Evolution of tsetse flies apparent density per km2 (D) from T0 (before control campaign) in Bonon and Sinfra to T4 in Bonon. In Bonon, the difference between densities at T0 and TX (X = 1–4) was significant (p-value = .0269) (Wilcoxon rank sum test with continuity correction).
Local population genetics with autosomal loci only in the Marahoue region
There was only one pair of loci in significant LD (p-value = .0406) that did not stay significant with Benjamini and Yekutieli correction (p-value = 1). We thus safely concluded that all markers are statistically independent.There was an important heterozygote deficit that varied considerably from one locus to the other (Fig. 3). Null alleles only explained partly these results with a StdrdErrFIS more than four times StdrdErrFST, a positive though not significant correlation between the number of observed missing genotypes and FIS (ρ = 0.1429, p-value = .4014); and a positive though not significant correlation between FIS and FST (ρ = 0.4058, p-value = .2123). No stuttering could be evidenced and a significant short allele dominance was detected for locus pGp27 (Fig. 3). This locus thus seems problematic.
Fig. 3
FIS observed in subsamples of Glossina palpalis palpalis from Ivory Coast for autosomal loci only with jackknife's over subsamples 95% confidence intervals for each locus and 95% Bootstrap over loci confidence interval for the average. Results of panmictic tests, short allele dominance tests, stuttering detection and possible null allele frequencies are also given.
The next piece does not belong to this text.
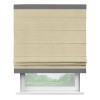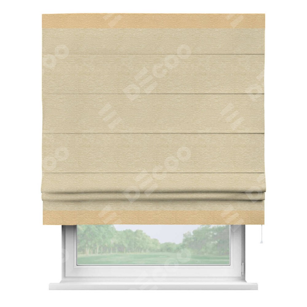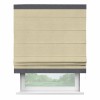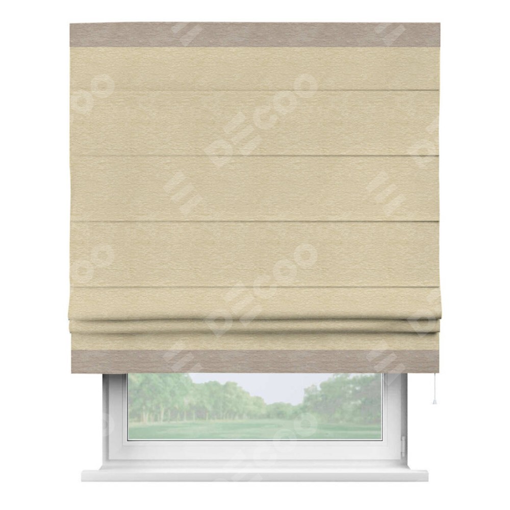 Римская штора производителя «Cortin», используется для проёма, пошита из ткани софт однотонный светло-бежевый, артикул 54426. Отделка шторы кантом «Горизонт», ткань для канта используется из софта разной расцветки на выбор. Имеет универсальный механизм и подходит для монтажа: на потолок, на стену и в нишу.

FIS observed in subsamples of Glossina palpalis palpalis from Ivory Coast for autosomal loci only with jackknife's over subsamples 95% confidence intervals for each locus and 95% Bootstrap over loci confidence interval for the average. Results of panmictic tests, short allele dominance tests, stuttering detection and possible null allele frequencies are also given.
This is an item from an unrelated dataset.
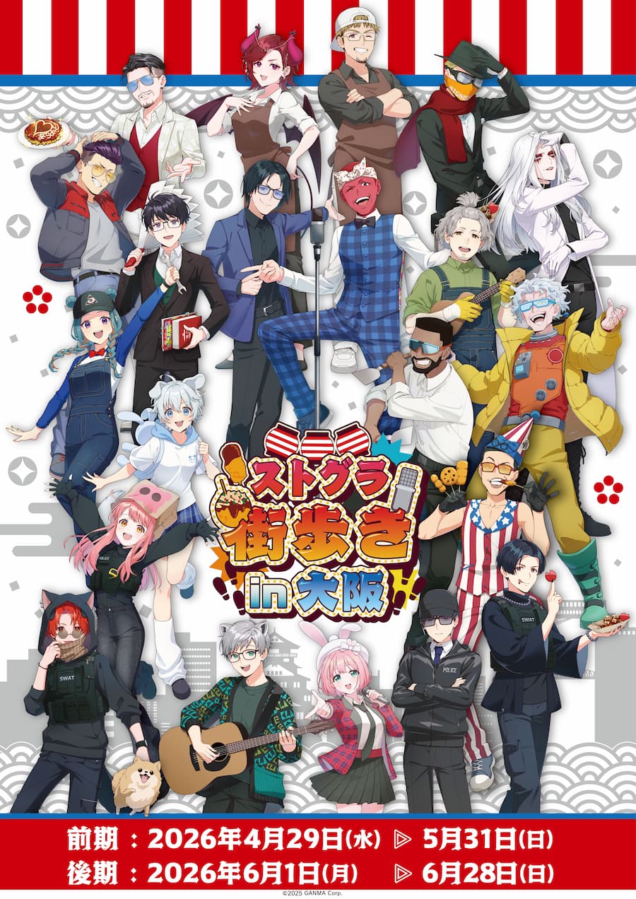 配信者たちが独自のキャラクターを作成し、仮想現実の街で生活しているようにロールプレイするリアリティーショーコンテンツ「ストグラ」。その世界観を、実際の街で体験できるイベントです。東京で開催された第一弾に続き、2026年4月29日(水)からは、大阪市内を舞台にした「ストグラ街歩き in 大阪」がスタート。

Local population genetics with females only in the Marahoue region
There were four pairs of loci in significant LD (p-values <.05) that did not stay significant after Benjamini and Yekutieli correction (p-values >.9).The variation of FIS was very important across the 10 loci with a global highly significant heterozygote deficit (Fig. 4). There was some evidence of the presence of null alleles with a StdrdErrFIS eight times StrdErrFST, positive correlations between the number of missing data and FIS (ρ = 0.4681) and between FIS and FST (ρ = 0.4667) though marginally not significant (p-value = .0862 and p-value = .0891 respectively). Three loci displayed short allele dominance: Loci X55–3, pGp27 and XB110 (Fig. 4). This could be expected for the first two, which displayed the highest FIS but with too few missing genotypes. Nevertheless, for XB110, the important number of missing genotypes (the highest observed) was in agreement with null alleles as the explanation for the important FIS observed at this locus (FIS = 0.201 with 26 missing genotypes and null allele frequency estimated as pn = 0.2). Furthermore, it is worth noting that the SAD signature was mainly du to the fact that all longest alleles were rare (average frequency < 0.006) and displayed a very small FIT (average < 0.042). Considering that with a frequency of pn = 0.2, the probability for heterozygous individuals between such alleles and a null allele is 2 × 0.2 × 0.006 = 0.0024 and the average of homozygote frequencies for these rare alleles is ~0.00005, with a total sample size of 296, this means a total expected number of falsely interpreted or true homozygous individuals for these long and rare alleles is 0.725. Thus, because null alleles affect preferentially the FIS of the most frequent alleles, and because here these are also the shortest ones, this observation invalidates the SAD test for XB110. This locus can simply be considered as only affected by null alleles. Heterozygote deficits observed at other loci can be explained by null alleles. Subsequent subdivision measures and testing were thus done with corrections implemented by FreeNA.
Fig. 4
FIS observed in subsamples of females only of Glossina palpalis palpalis from Ivory Coast with jackknife's over subsamples 95% confidence intervals for each locus and 95% Bootstrap over loci confidence interval for the average. Results of panmictic tests, short allele dominance tests, stuttering detection and possible null allele frequencies are also given.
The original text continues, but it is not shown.